Sampling lets a server ask the client to generate a message with an LLM. The
SDK does not call a model provider by itself. Instead, the client opts in by
registering a sampling_callback, and that callback decides which model or
runtime to use.
- A server handler calls
ctx.session.create_message(...). - The SDK sends a
sampling/createMessagerequest to the connected client. - The client's
sampling_callbackreceives aClientRequestContextandCreateMessageRequestParams. - The callback calls the model provider or local runtime that the client owns.
- The callback returns
CreateMessageResultto the server.
If the client does not register a sampling callback, sampling requests are answered with the SDK's default "Sampling not supported" error.
from mcp import ClientSession, types
from mcp.client.context import ClientRequestContext
async def handle_sampling_message(
context: ClientRequestContext,
params: types.CreateMessageRequestParams,
) -> types.CreateMessageResult:
print(f"Sampling request {context.request_id}: {params.messages}")

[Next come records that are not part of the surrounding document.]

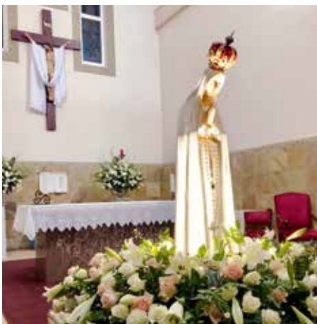
The statue of Our Lady of Fatima before the beginning of the pilgrimage
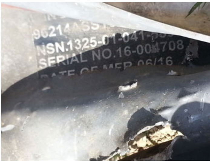
Remnant of the US-made GBU-12 wing assembly that struck the vehicle packed with children and women in Al-Awlah agricultural valley. The marking “96214” identifies Raytheon as the manufacturer. The marking “DATE OF MFR 06/16” indicates that the wing assembly was manufactured in June 2016.

the 15 civilians. 1 JIAT claimed that the Coalition had intelligence indicating the vehicle was carrying leading Houthi commanders 2 and that “secondary explosions” took place when the Coalition struck the vehicle, “meaning that the vehicle was carrying weapons and ammunition along with the Houthi commanders.” 3 JIAT’s findings are entirely inconsistent with the evidence gathered by
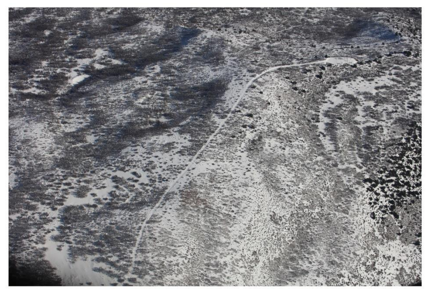
Road to pad for BRL-GMW-01 (northwest of West Mine)

return types.CreateMessageResult(
role="assistant",
content=types.TextContent(type="text", text="Hello from the client model"),
model="example-model",
stop_reason="endTurn",
)
async def run(read_stream, write_stream):
async with ClientSession(read_stream, write_stream, sampling_callback=handle_sampling_message) as session:
await session.initialize()The callback may return types.ErrorData instead of CreateMessageResult when
the user rejects a request or the client cannot fulfill it.

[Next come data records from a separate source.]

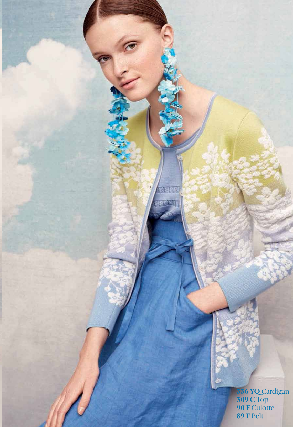
336 YQ Cardigan 309 C Top 90 F Culotte 89 F Belt
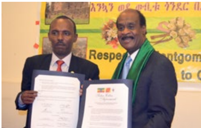
Deputy Mayor Getinet Amare and County Executive Ike Leggett after signing Sister City agreement in City of Gondar, Ethiopia on September 27, 2012

For more information about how you can get involved, please contact sistercities@montgomerycountymd.gov .
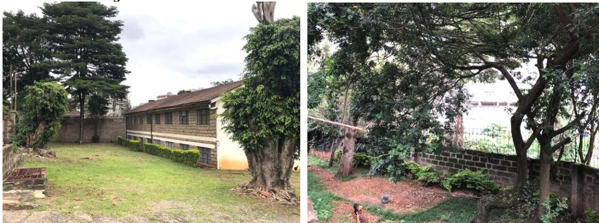
Plate 1: Part of vegetation at the site

There is no fauna/wildlife threatened by the development.

params.model_preferences is advisory. The server can provide model name hints
or priorities for cost, speed, and intelligence, but the client chooses how to
interpret them.
def pick_model(preferences: types.ModelPreferences | None) -> str:
if preferences and preferences.hints:
for hint in preferences.hints:
if hint.name in {"fast-model", "smart-model"}:
return hint.name
if preferences and (preferences.speed_priority or 0) > (preferences.intelligence_priority or 0):
return "fast-model"
return "smart-model"Clients can ignore unsupported hints and should still apply their own policy, such as user approval, model availability, cost limits, or tenant configuration.

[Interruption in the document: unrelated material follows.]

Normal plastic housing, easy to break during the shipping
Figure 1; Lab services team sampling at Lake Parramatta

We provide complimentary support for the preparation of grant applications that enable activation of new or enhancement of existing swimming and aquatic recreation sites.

ClientRequestContext is request metadata for the callback. It provides:
context.session: the client session handling the request.context.request_id: the request id, when one is available.context.meta: optional request metadata.
It is not prompt context and does not automatically add resources or previous messages to the LLM request.
params.include_context is the server's request for additional context. The SDK
passes the value to the callback, but it does not attach context automatically.
The client implementation decides what context it can safely include.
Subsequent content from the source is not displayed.